More recently, Rajan et al. [149] assembled highly advanced multi-organ microfluidic device consisting of liver, heart, lung, endothelium, brain, and testis 3D cultures. In this approach, the organoids were composed of several cell types present in a given organ, as well as organ-specific fibroblasts or endothelial cells, providing a very complex structures resembling native tissues. The authors validated the system through stimulation with drugs of known effect. One of them was capecitabine, which is not toxic by itself; however, its metabolite 5-fluorouracil, which is also used as chemotherapeutic agent, was identified as toxic for heart and lungs. Interestingly, it was demonstrated that stimulation with capecitabine induced the toxicity in heart and lungs organoids, as it was metabolized in liver miniorgan, while this effect was not seen when the liver construct was removed from the system [149]. This observation raises expectation, that the multi-organ in vitro models can accurately reflect the metabolism of drugs in organism and enable prediction of the multi-system effect.

Conclusions

Human-induced pluripotent stem cell-based in vitro models provide possibility of generating patient- and disease-specific cell types without ethical concerns in contrast to human embryonic stem cells (hESCs), which also can be differentiated into cells of all three germ layers. hiPSC-cardiomyocytes introduced a groundbreaking tool for drug effect and cardiotoxicity evaluation and currently attracting considerable interest in terms of chamber-specific drug evaluation. hiPSCs technology gives the opportunity to differentiate the patient-specific hiPSCs line into many types of cardiac and non-cardiac cells present in heart maintaining the same genetic background. The in vitro models consisting of multiple cardiac cell types better reflect the complexity of the human heart and represent a more advanced model for research.

Formation and advancement of three-dimensional cardiac organoids and tissues, as well as heart-on-a-chip technology received much attention in the past decade.
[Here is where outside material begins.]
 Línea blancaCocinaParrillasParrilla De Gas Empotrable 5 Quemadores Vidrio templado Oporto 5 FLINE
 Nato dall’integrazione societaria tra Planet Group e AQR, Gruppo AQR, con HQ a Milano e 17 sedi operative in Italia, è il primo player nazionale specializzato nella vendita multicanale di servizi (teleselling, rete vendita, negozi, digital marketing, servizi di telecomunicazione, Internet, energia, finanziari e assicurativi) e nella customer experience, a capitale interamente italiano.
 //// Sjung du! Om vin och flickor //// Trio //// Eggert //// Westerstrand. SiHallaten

Many efforts made in this field enabled the establishment of systems and technologies with improved physiological relevance, maturation state, and combined measurement methods. In fact, it was reported that 3D cardiac structures reflect more accurately the physiological phenotype and drug-induced responses in comparison to their 2D counterparts.
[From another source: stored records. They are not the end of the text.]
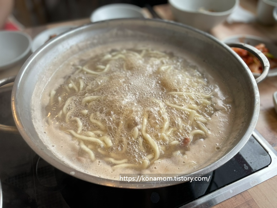해산물을 다 건져 먹고 육수 추가로 더 부어서 칼국수 면 넣고 끓여서 먹었어요.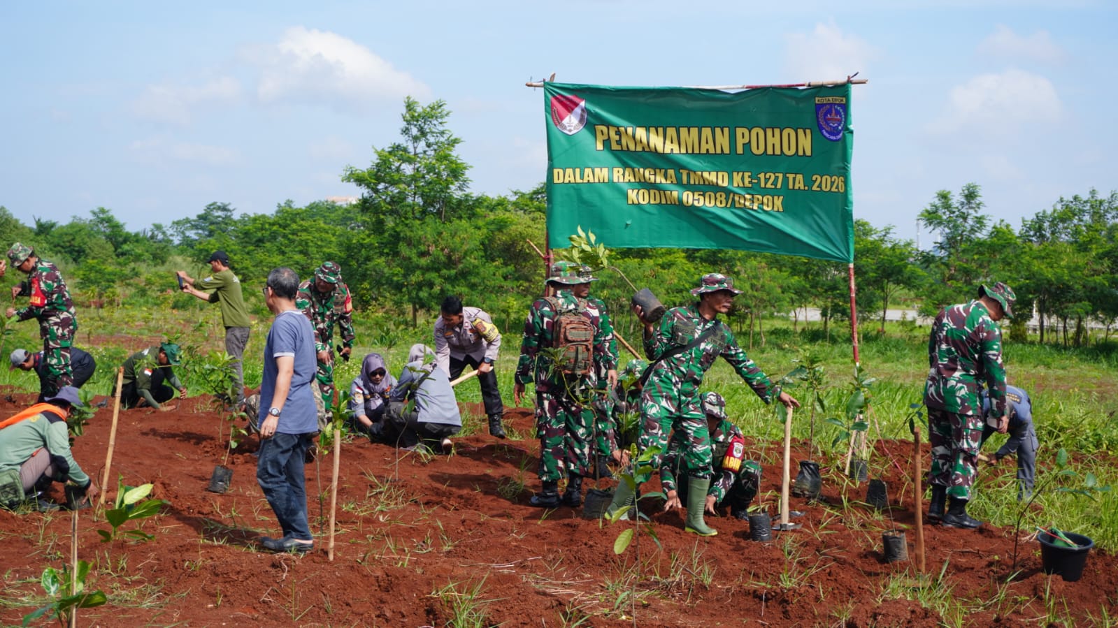 DEPOK – Upaya menjaga kelestarian lingkungan terus dilakukan berbagai pihak. Salah satunya melalui kegiatan penanaman pohon yang dilaksanakan dalam rangka program TNI Manunggal Membangun Desa (TMMD) ke-127 Kodim 0508/Depok.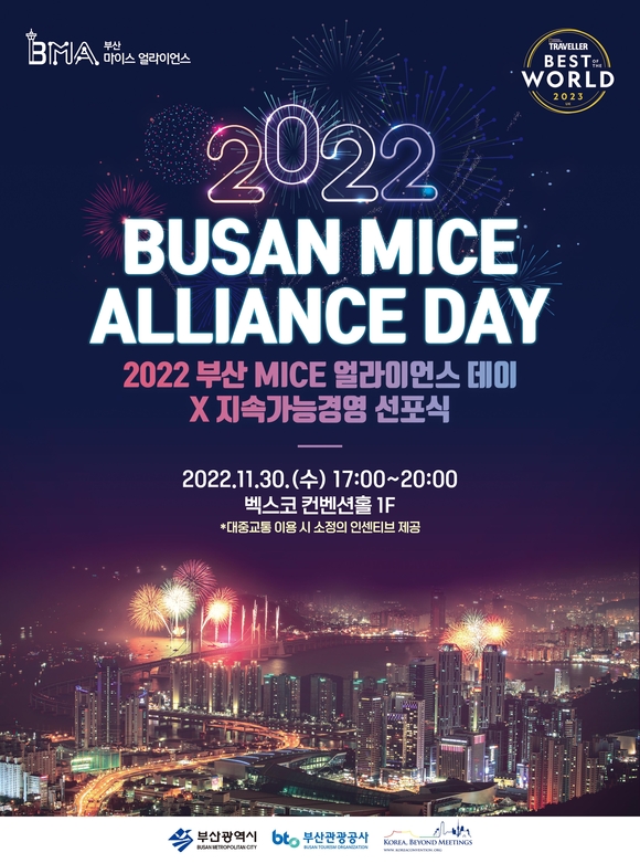 부산관광공사는 30일 벡스코 컨벤션홀에서 '2022년 부산 MICE 얼라이언스 데이×지속가능경영 선포식'을 개최한다고 밝혔다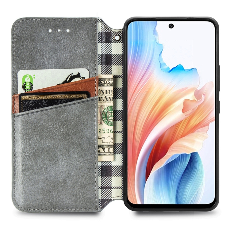 Para Oppo A79 5G / A2 5G Funda para Teléfono de Cuero Magnético Prensado con Rejilla Cúbica (Gris)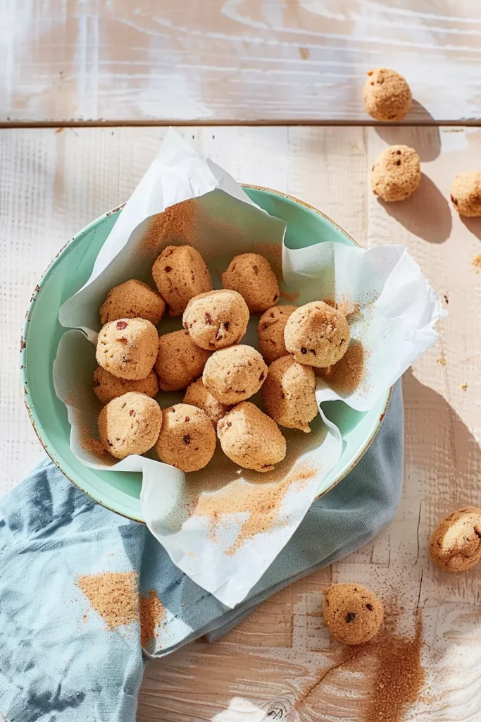 - Shape and Coat: Take each ball and gently roll it between your palms to create an oblong, oval shape. Immediately roll the shape in a bowl of ground cinnamon until fully coated.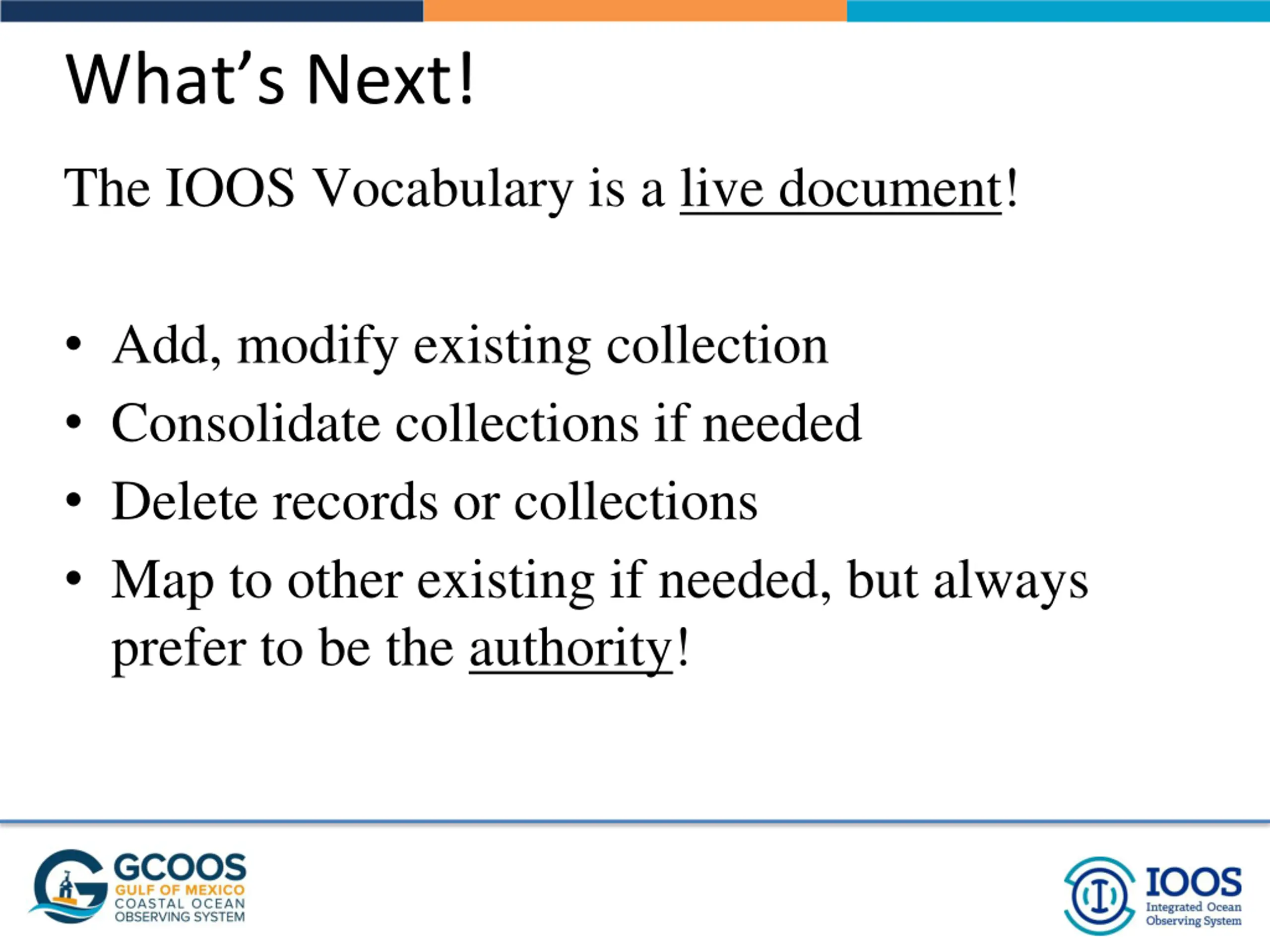Whats Next! The IOOS Vocabulary is a live document! Add, modify existing collection Consolidate collections if needed Delete records or collections Map to other existing if needed, but always prefer to be the authority!

Nonetheless, hiPSC-CM-based in vitro studies do not fully correspond to conditions occurring in living organisms; therefore, neither the long-term effects nor pharmacokinetic profile can be assessed. Variety of metabolic processes occurring in living organisms may affect the drug potency; hence, the in vitro observations do not coincide with the clinically observed reactions. Taken together, hiPSC-CMs platform represents a powerful strategy for use in drug screening and evaluation of pharmaceutically induced cardiac toxicity; however, it should be aware of certain limitations, which have all currently available models. The future directions include the improvement of the three-dimensional system through better vasculature and new, intended for this model, research tools, as well as the development of a multi-organs-on-a-chip system. It reflects more closely physiological conditions and allows the assessment of investigational drugs not only in the context of a direct impact on cardiac tissue but also a simultaneous effect on other organs and checking the toxicity of metabolites of the studied drugs due to the presence of liver miniorgans.
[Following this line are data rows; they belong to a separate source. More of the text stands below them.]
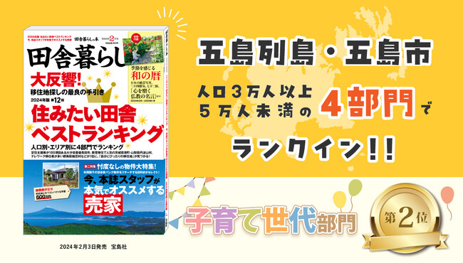 五島列島・五島市(長崎県)は、宝島社『田舎暮らしの本』2月号、「2024年版 住みたい田舎ベストランキング』人口3万人以上5万人未満の市の4部門でランクイン!なかでも子育て世代部門は第2位という結果になりました。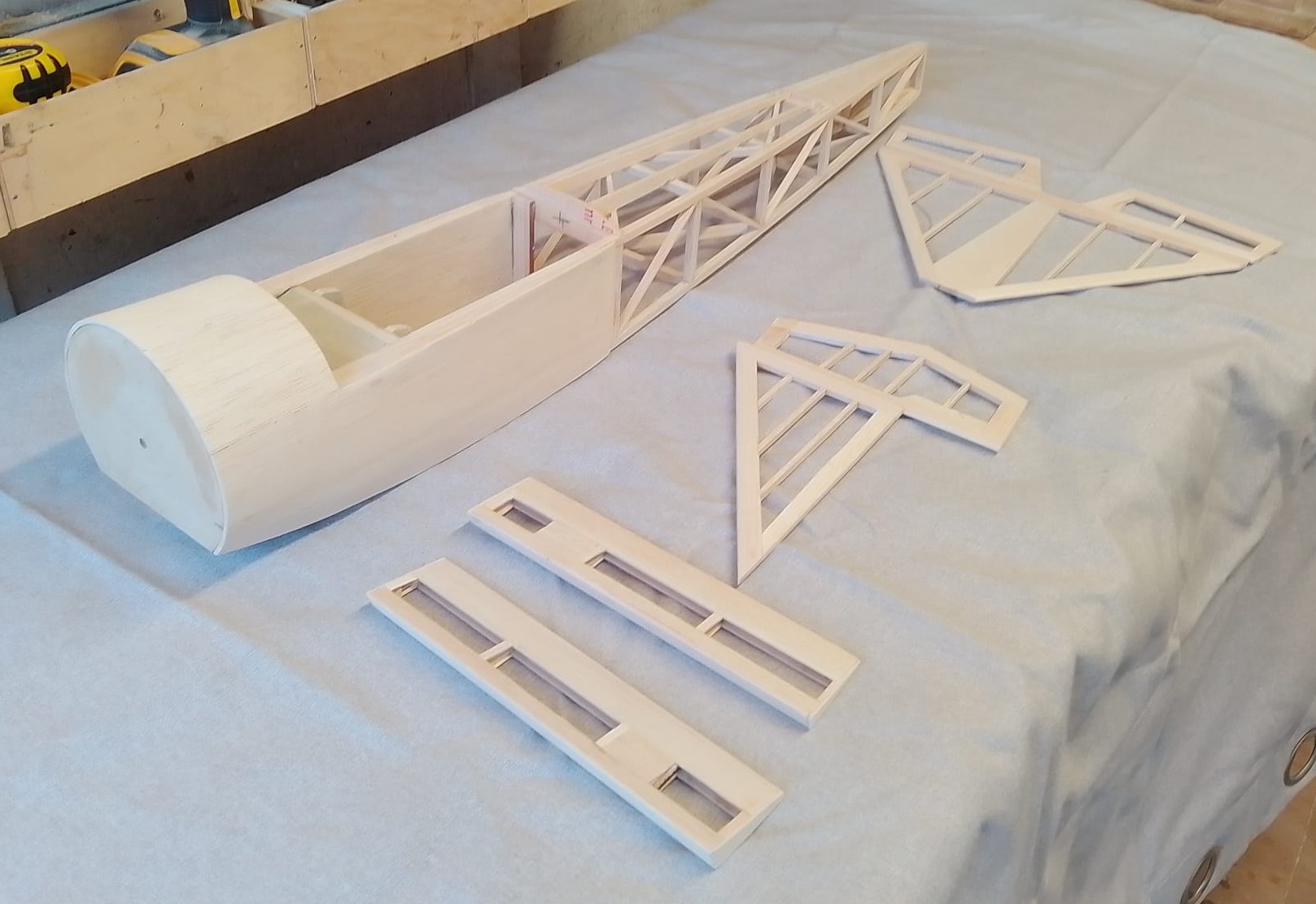Because the original was designed for IC, using a relatively large battery helps with CG, especially as I wanted to fit the Rudder and Elevator servos at the rear of the fuz. This type of model just has to be covered in fabric, and not film. Checking the internet for Antique Oracover I was shocked by the cost, to cover the Attila I calculated I would need about 2.75 metres, so would need two rolls at a total cost of £75, ouch, almost twice what I paid for the kit. However after further investigation I found a product being sold by Sarik Hobbies called Diacov 1000. The material is 10 cm wider than the normal hobby products, so I calculated that if I was careful I would only need 2 metres, which came too £ 29.00 delivered. The only drawback is that it only comes in translucent white. I watched a couple of YouTube videos demonstrating the product and it looked to be really good, so decided to try it, and I can confirm it is a great product for this type of model.
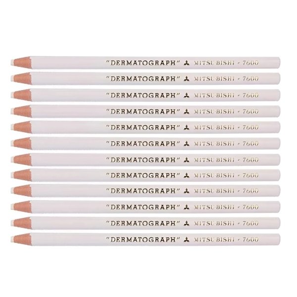 Los lápices dermatograph Mitsubishi 7600 se pueden utilizar para escribir en la mayoría de superficies. Tienen una excelente resistencia a la luz. Las marcas no deseadas se pueden eliminar de cualquier superficie lisa no porosa. Las minas de estos lápices dermatográficos Mitsubishi 7600 están hechas de cera, talco y pigmento, contenidos en un envoltorio de papel. El envoltorio de papel se puede quitar tirando del hilo interior, que a su vez expondrá más mina.

As the preclinical drug research is fairly time-consuming and very expensive, hiPSC-CM-based technology allows for the preliminary evaluation of drug libraries and forwarding for further research the chemical compounds, which are potentially active and safe. In addition, due to the differences between animals and humans, it is possible to check human-specific responses after drug administration. Otherwise, some of the outcomes unrevealing in animals would become apparent only after administration to humans and be a serious threat to life.